Type of Document Dissertation
Author Wright, Julie Adele
Author's Email Address jwrig35@lsu.edu
URN etd-11082011-220644
Title The Impact of Oral Fluency and Silent Fluency on the Comprehension of Fourth Graders
Degree Doctor of Philosophy (Ph.D.)
Department Educational Theory, Policy, & Practice
Advisory Committee
Advisor Name Title
Cheek, Earl Committee Chair
Blanchard, Pamela Committee Member
Mitchell, Roland Committee Member
Wandersee, Jim Committee Member
Sarkar, Husain Dean's Representative
  • Comprehension
  • Oral Fluency
  • Silent Fluency
Date of Defense 2011-10-26
Availability unrestricted
The purpose of this quantitative study was to discover if a connection exists between oral fluency and silent fluency. Comprehension was used as the consistent measurement instrument for the study. Understanding how oral fluency transitions to silent fluency helps educators understand how to assist students with this process. Most reading done to acquire knowledge after the fourth grade is performed silently. Students need to be an effective silent reader to be successful in school. In addition, reading comprehension and most other parts of standardized testing is read silently by the student unless accommodations are put in place before testing.

If a connection exists between oral fluency and silent fluency then instructional methods could be implemented to make both modes of reading equally successful. Also indicators that signal the teacher that the student is prepared to move to silent reading may be identified.

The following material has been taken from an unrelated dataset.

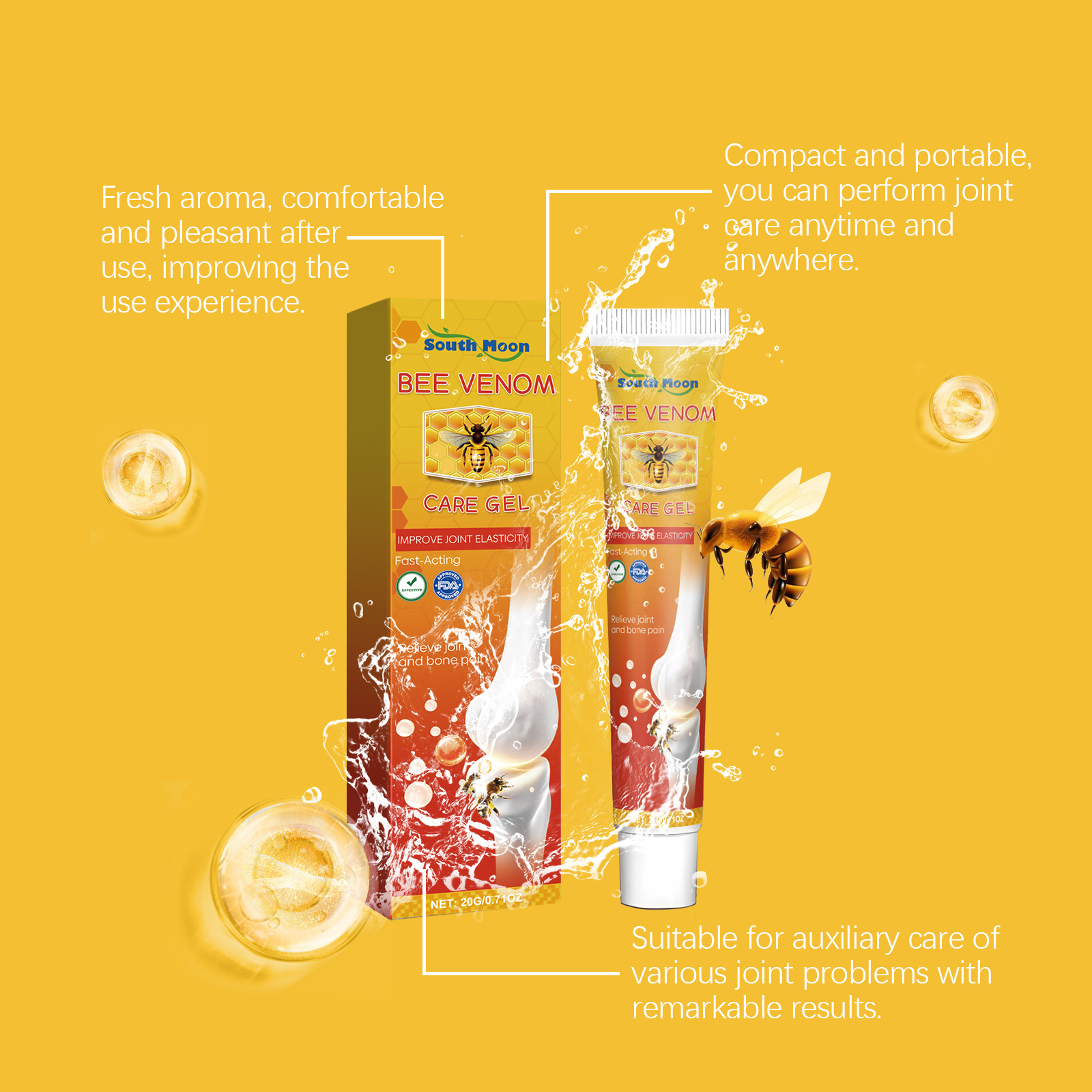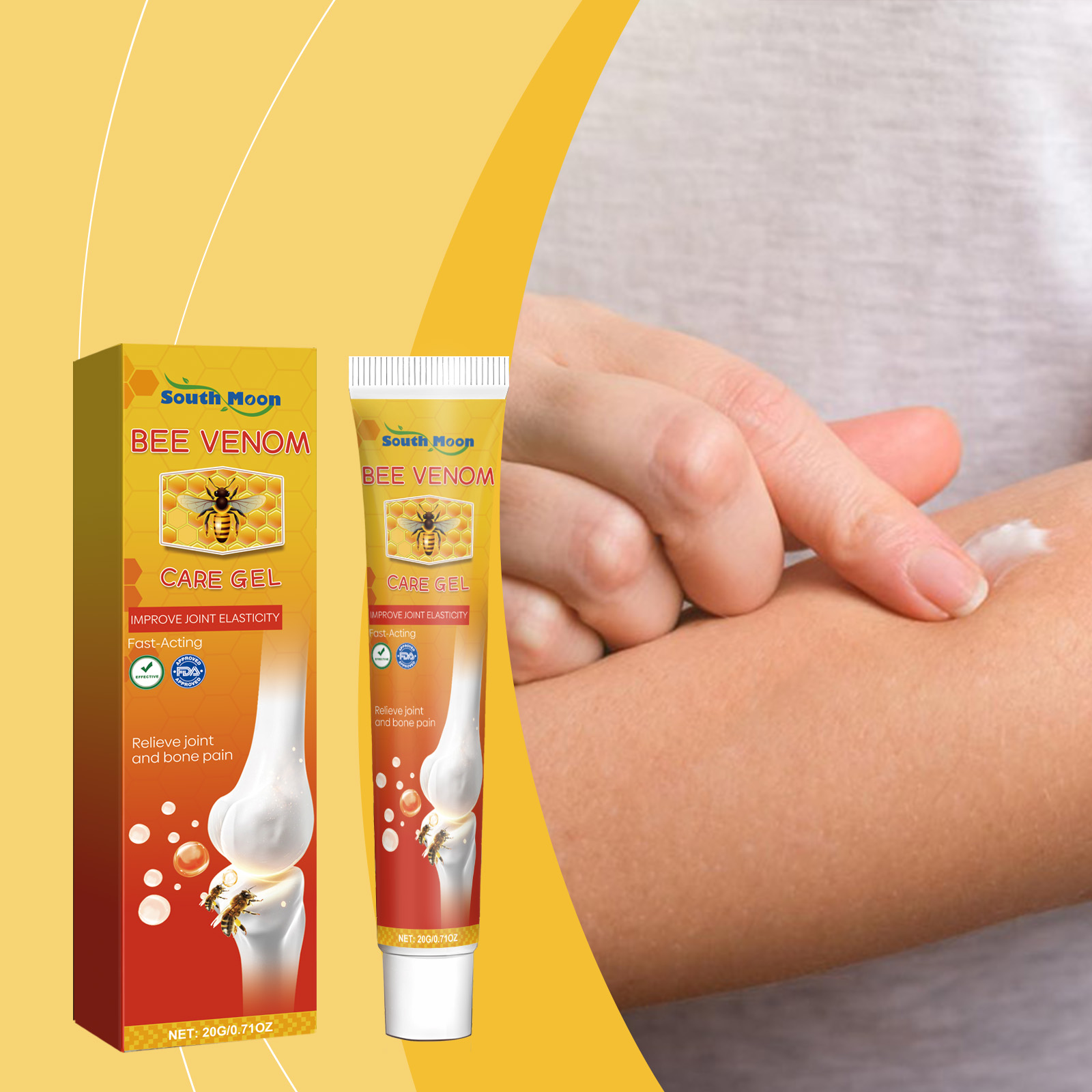 Our bee Venom Joint Care cream contains catechins and vitamin D3. It nourishes joints, repairs damaged tissue, and increases joint flexibility. Its application method is very simple: thoroughly clean the joint skin, dry it first, apply appropriate amount of this product evenly to the joint pain, gently massage until completely absorbed. And can promote blood circulation, improve joint flexibility.

Students reading eight grade level passages both orally and silently allowed data to be collected to determine if a connection was present for the two types of fluency. A slight connection between oral and silently was found, but was not strong enough to make blanket statements. Although data collected about prosody was strong enough to determine that if a student reads orally with prosody, their comprehension will be strong for both oral and silent reading. This study also used five different types of comprehension questions and it was determined that vocabulary questions were statistically more difficult to answer than the other four types of questions.